* **Work to be completed**:
All records are to be restated word for word, with pictures excluded.

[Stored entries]
<<<<

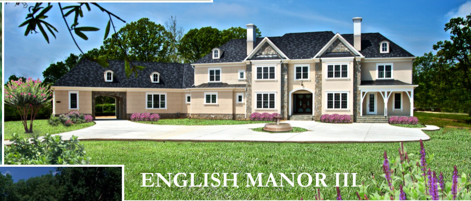
ENGLISH MANOR III

GO TO WWW.BOTEROHOMES.COM AND CLICK ON THE PICTURE OF THE HOUSE, FOR AN INTERIOR PHOTO GALLERY OF EACH BUCKINGHAM ESTATES HOME.
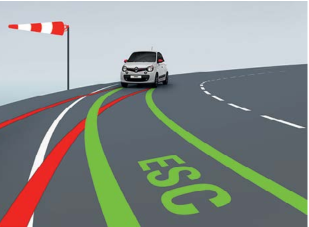
Electronic Stability Control (ESC) Difficult road conditions? Along with the anti-slip regulation (ASR), the ESC monitors your trajectory.
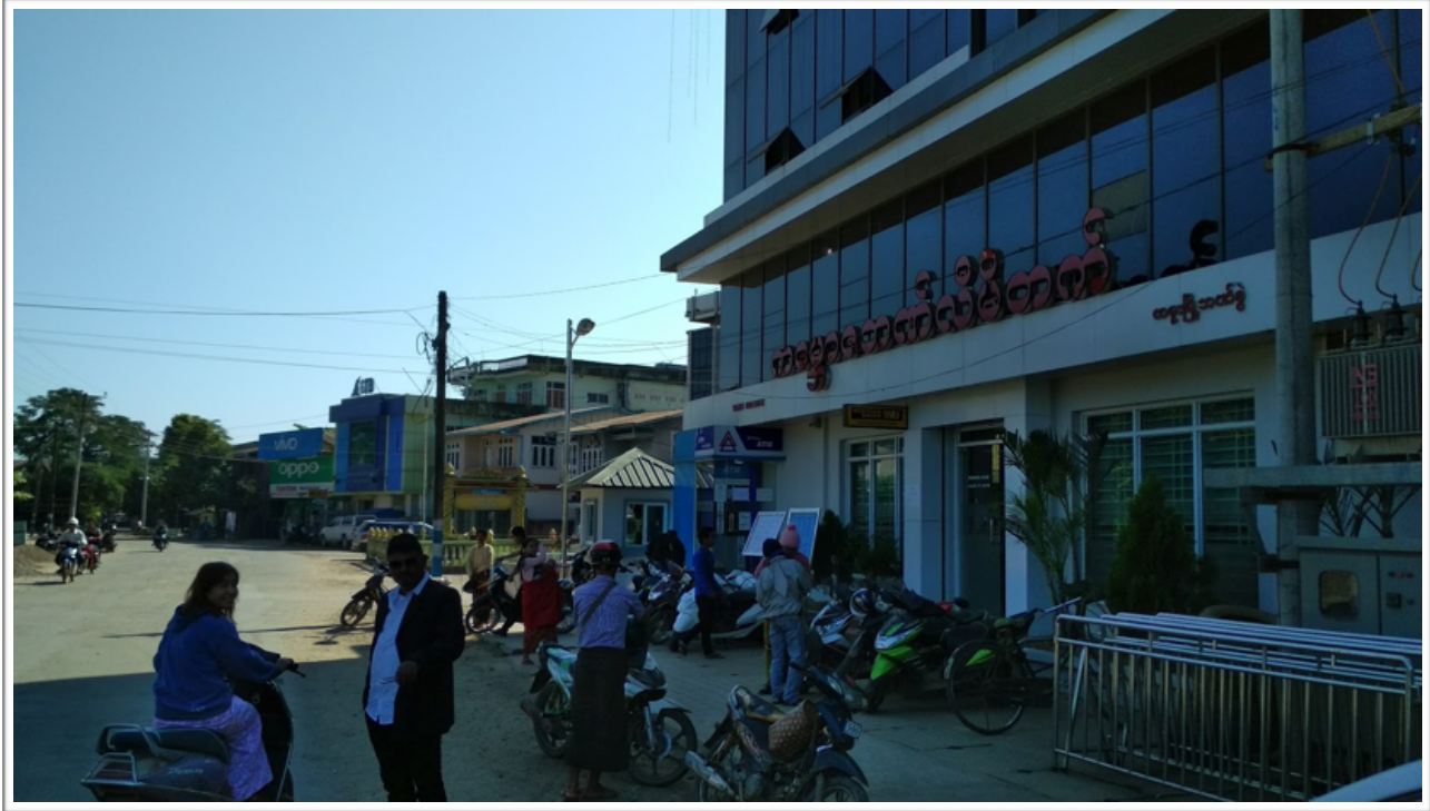
Picture Set 2: Tamu, Sagaing Region, Myanmar Photographed by the author during a visit on 8 November 2017
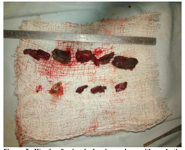
Figure 5: Wooden foreign body pieces along with a plastic piece
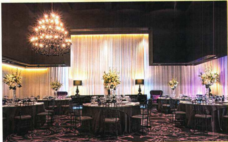
Atlantic Group [v] is at the forefront of high-end kosher catering, holding stylish and sophisticated events at Central Pier, Docklands or at a location that suits you. Atlantic Group [v] operates a new fleishig kitchen under the strict mehadrin supervision of Kosher Australia (03) 8623 9654, www.atlanticgroupv.com.au.
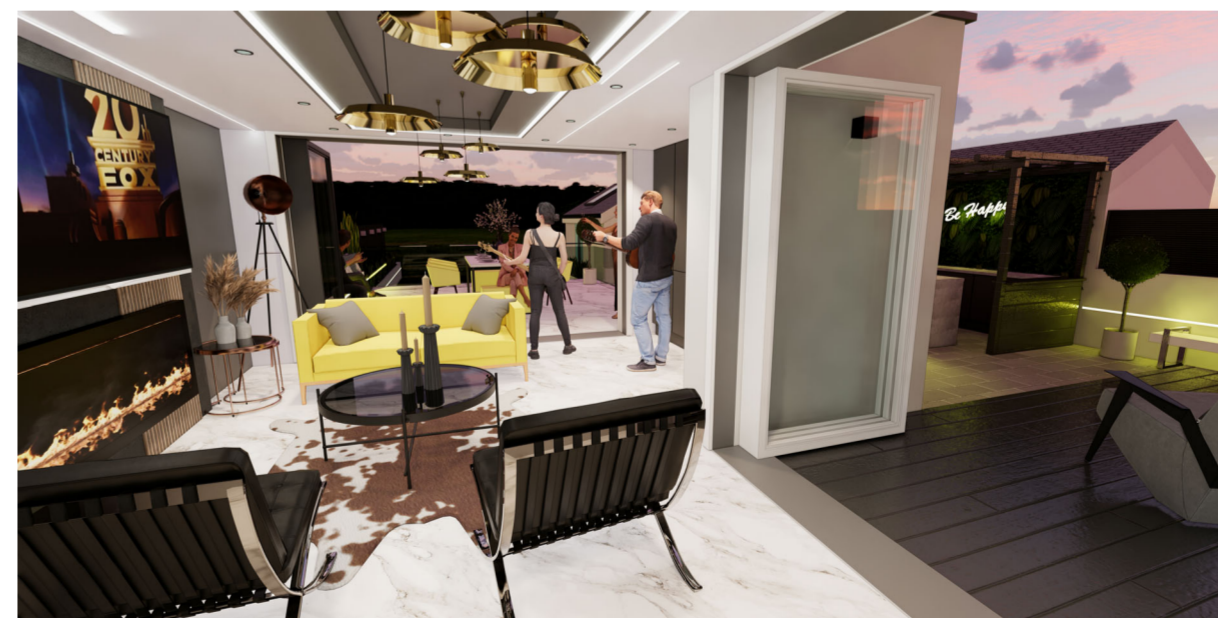
Internal View 3

New opening to be formed in hallway wall to allow for new GF shower room to be formed under stairs. Extract to be ducted to outside under suspended floor.
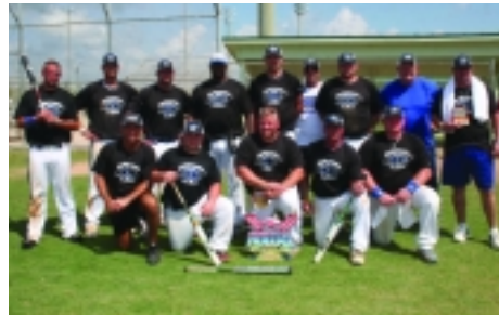
Gutterworks/Tint on Wheels/3N2 Sports/Easton
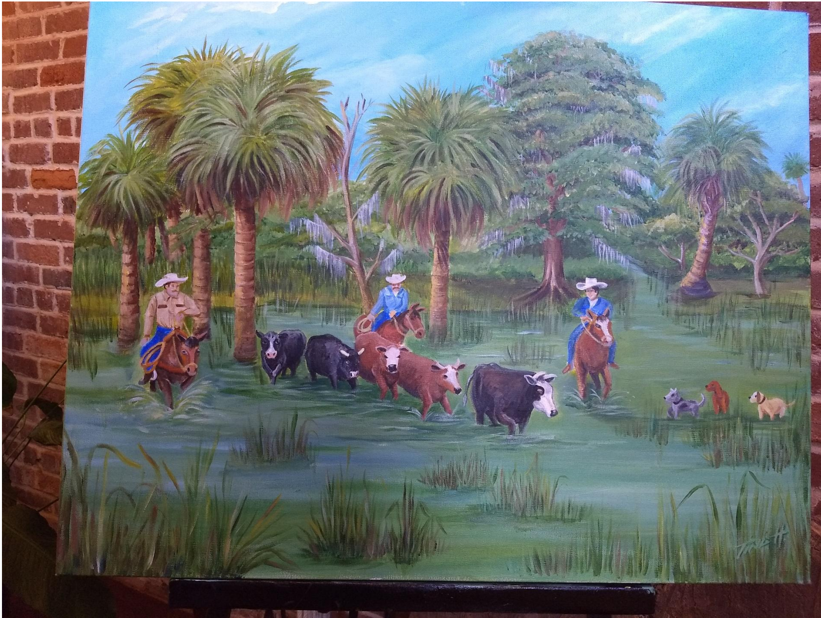
Artist's rendering of the proposed mural.

>>>>

* **Answer**:
ENGLISH MANOR III

GO TO WWW.BOTEROHOMES.COM AND CLICK ON THE PICTURE OF THE HOUSE, FOR AN INTERIOR PHOTO GALLERY OF EACH BUCKINGHAM ESTATES HOME.
Electronic Stability Control (ESC) Difficult road conditions? Along with the anti-slip regulation (ASR), the ESC monitors your trajectory.
Picture Set 2: Tamu, Sagaing Region, Myanmar Photographed by the author during a visit on 8 November 2017
Figure 5: Wooden foreign body pieces along with a plastic piece
Atlantic Group [v] is at the forefront of high-end kosher catering, holding stylish and sophisticated events at Central Pier, Docklands or at a location that suits you. Atlantic Group [v] operates a new fleishig kitchen under the strict mehadrin supervision of Kosher Australia (03) 8623 9654, www.atlanticgroupv.com.au.
Internal View 3

New opening to be formed in hallway wall to allow for new GF shower room to be formed under stairs. Extract to be ducted to outside under suspended floor.
Gutterworks/Tint on Wheels/3N2 Sports/Easton
Artist's rendering of the proposed mural.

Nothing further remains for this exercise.